§ **Required action**
Output the listing word for word, minus images.

§ **Data excerpt**
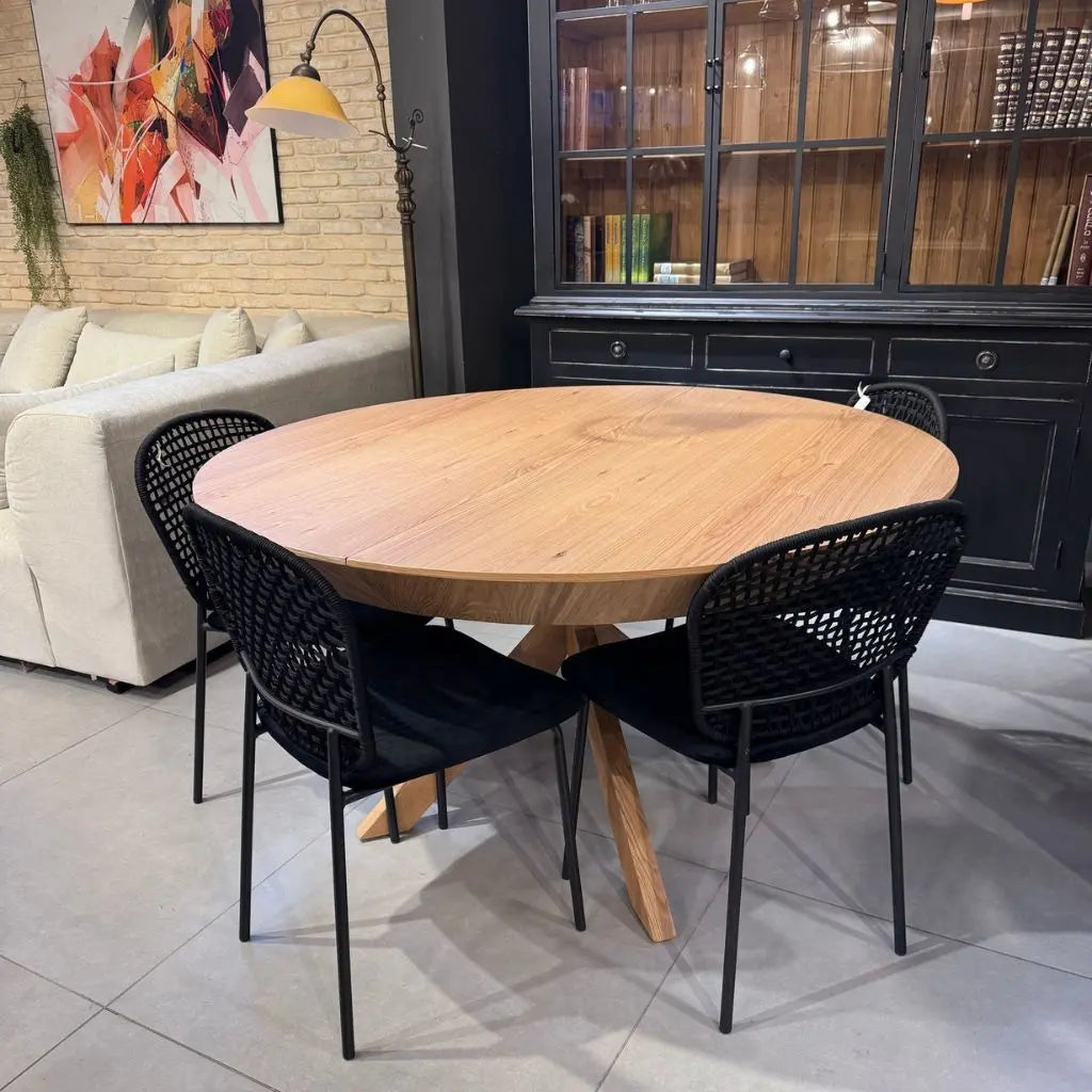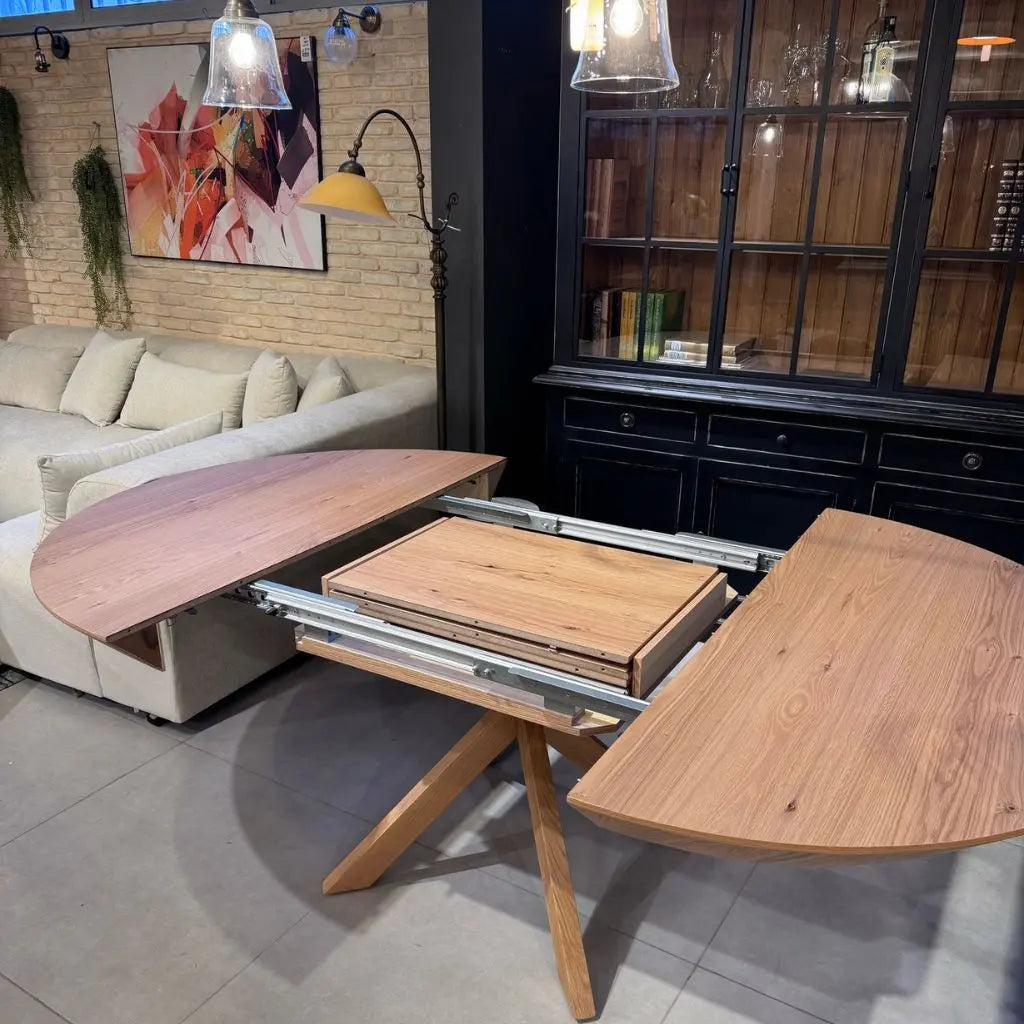 שולחן אוכל עגול נפתח עם 2 פתיחות דגם רימון
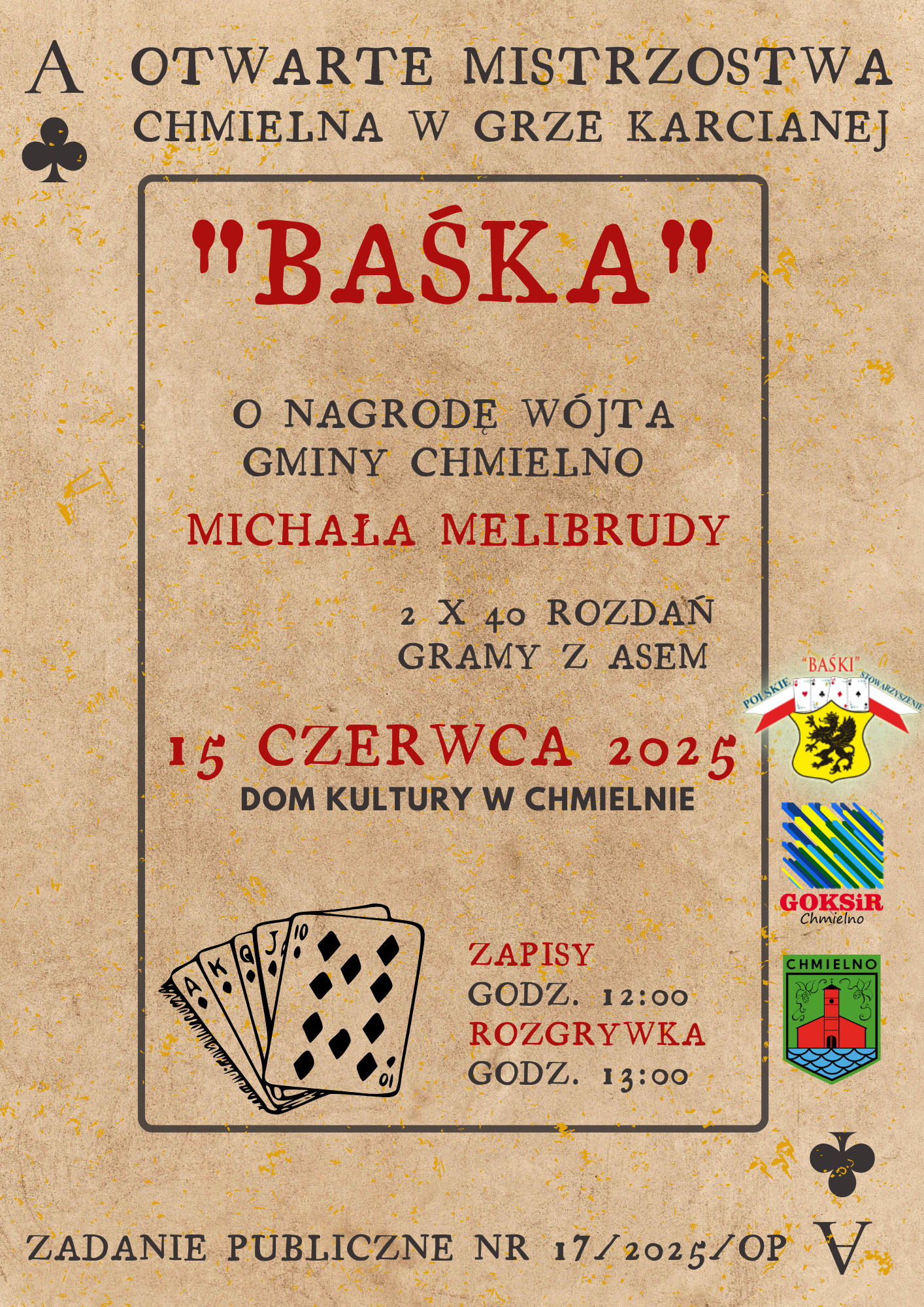 Zawodnicy rozegrają 2 x 40 rozdań, a emocji z pewnością nie zabraknie! Zapisy rozpoczną się o godzinie 12.00, natomiast start rozgrywek przewidziano na 13.00. Turniej organizowany jest w ramach zadania publicznego nr 17/2025/OP, a wydarzenie wspierają: GOKSiR Chmielno, Gmina Chmielno oraz Polski Związek Baśki – PZBaśka.
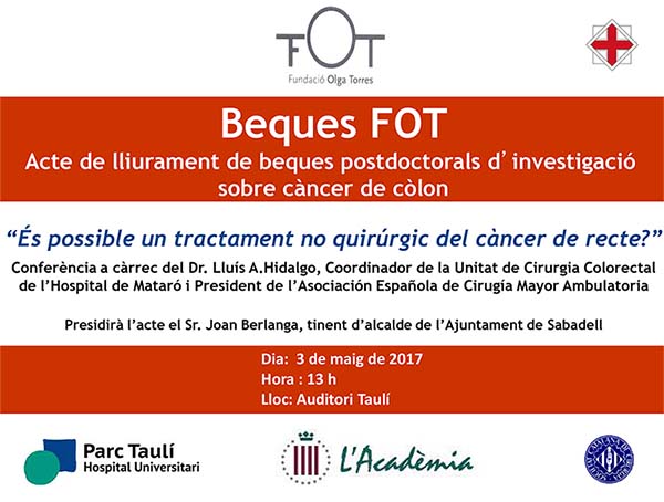El proper dimecres 3 de maig, a les 13 h, l’Auditori Taulí acollirà l’acte de lliurament de les beques postdoctorals d’investigació sobre càncer de còlon de la Fundació Olga Torres (FOT) en la seva dotzena edició.
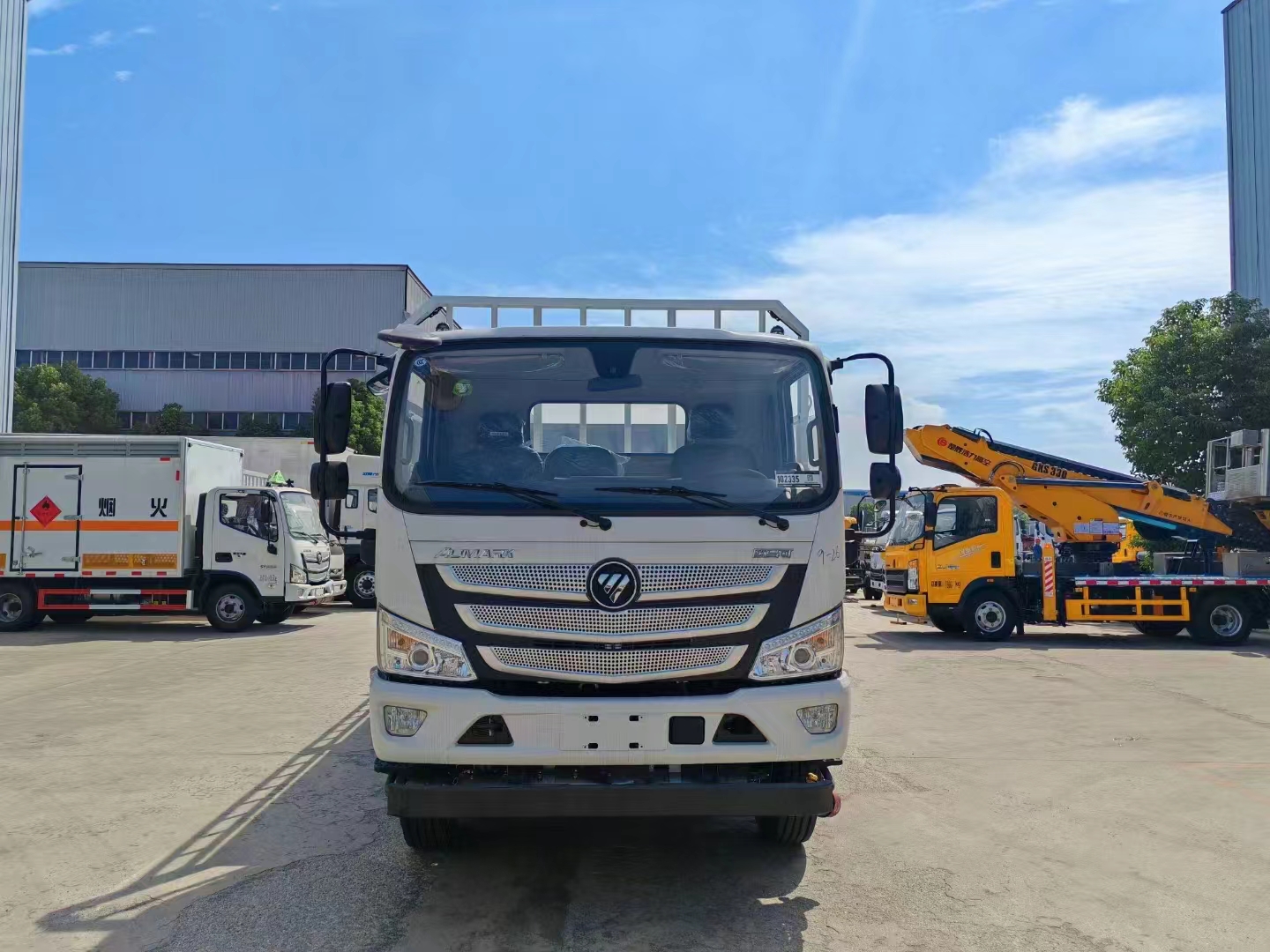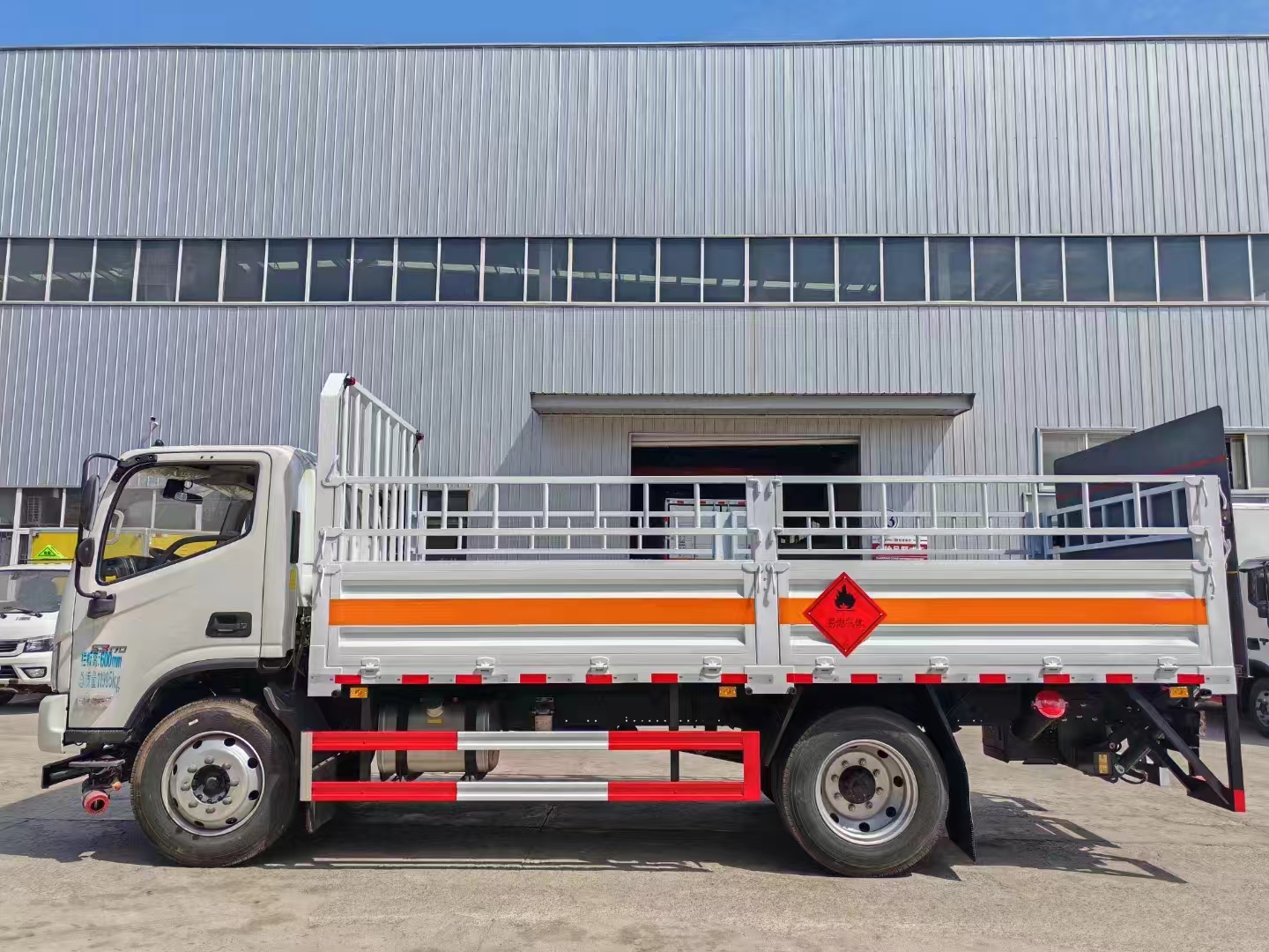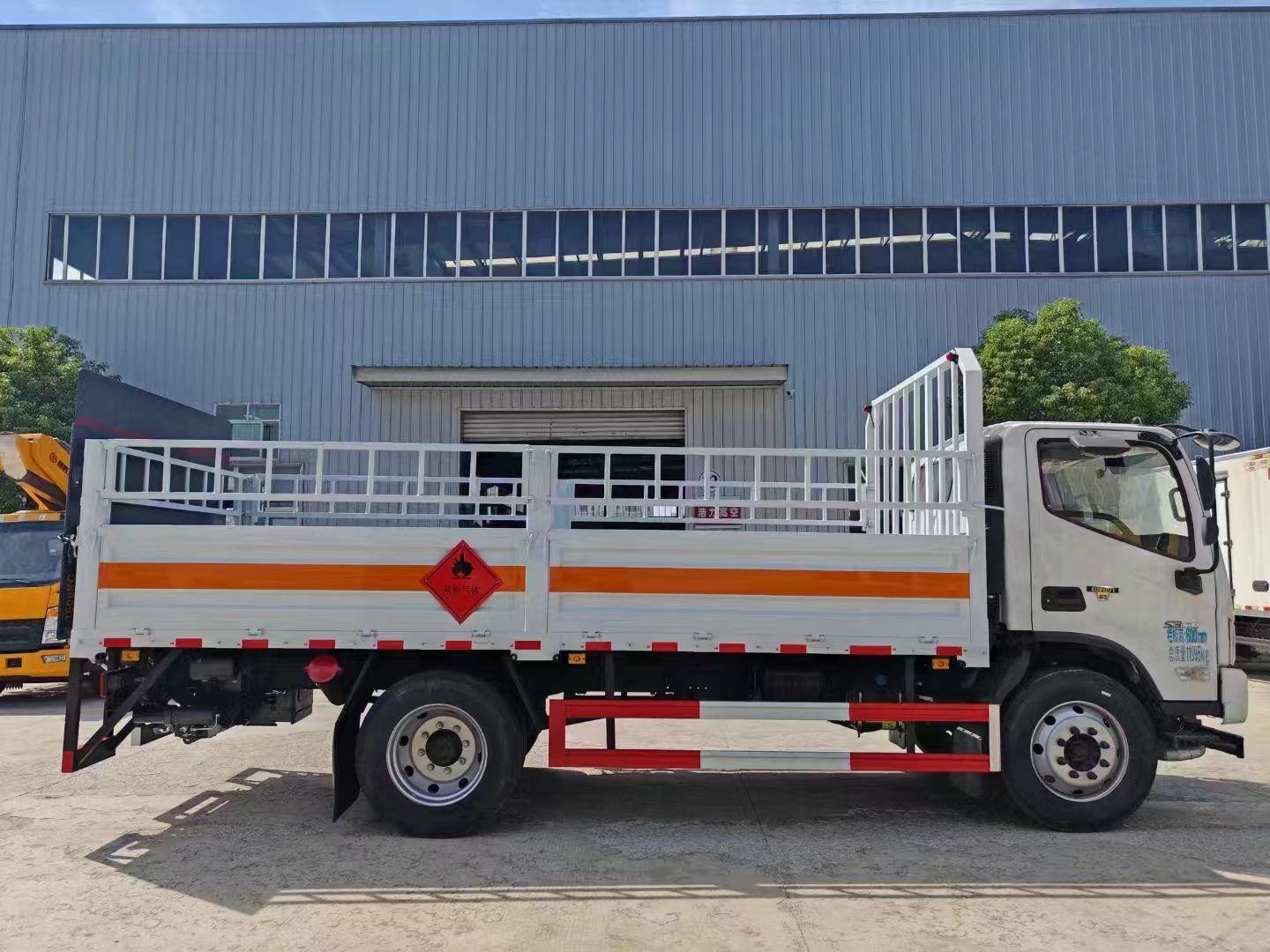 福田歐馬可國六5米1氣瓶車冷板等鋼材焊接而成的高欄結構,高欄活動可整體拆卸,兩側欄板下翻轉,后部欄板下翻轉,前龍門架齊全,鋪設防靜電膠皮,廂體橙色反光帶,紅白相間反光板,菱形標志牌,危險品牌,拖地靜電帶,安全告示,滅火器等

§ **Answer section**
 שולחן אוכל עגול נפתח עם 2 פתיחות דגם רימון
 Zawodnicy rozegrają 2 x 40 rozdań, a emocji z pewnością nie zabraknie! Zapisy rozpoczną się o godzinie 12.00, natomiast start rozgrywek przewidziano na 13.00. Turniej organizowany jest w ramach zadania publicznego nr 17/2025/OP, a wydarzenie wspierają: GOKSiR Chmielno, Gmina Chmielno oraz Polski Związek Baśki – PZBaśka.
El proper dimecres 3 de maig, a les 13 h, l’Auditori Taulí acollirà l’acte de lliurament de les beques postdoctorals d’investigació sobre càncer de còlon de la Fundació Olga Torres (FOT) en la seva dotzena edició.
 福田歐馬可國六5米1氣瓶車冷板等鋼材焊接而成的高欄結構,高欄活動可整體拆卸,兩側欄板下翻轉,后部欄板下翻轉,前龍門架齊全,鋪設防靜電膠皮,廂體橙色反光帶,紅白相間反光板,菱形標志牌,危險品牌,拖地靜電帶,安全告示,滅火器等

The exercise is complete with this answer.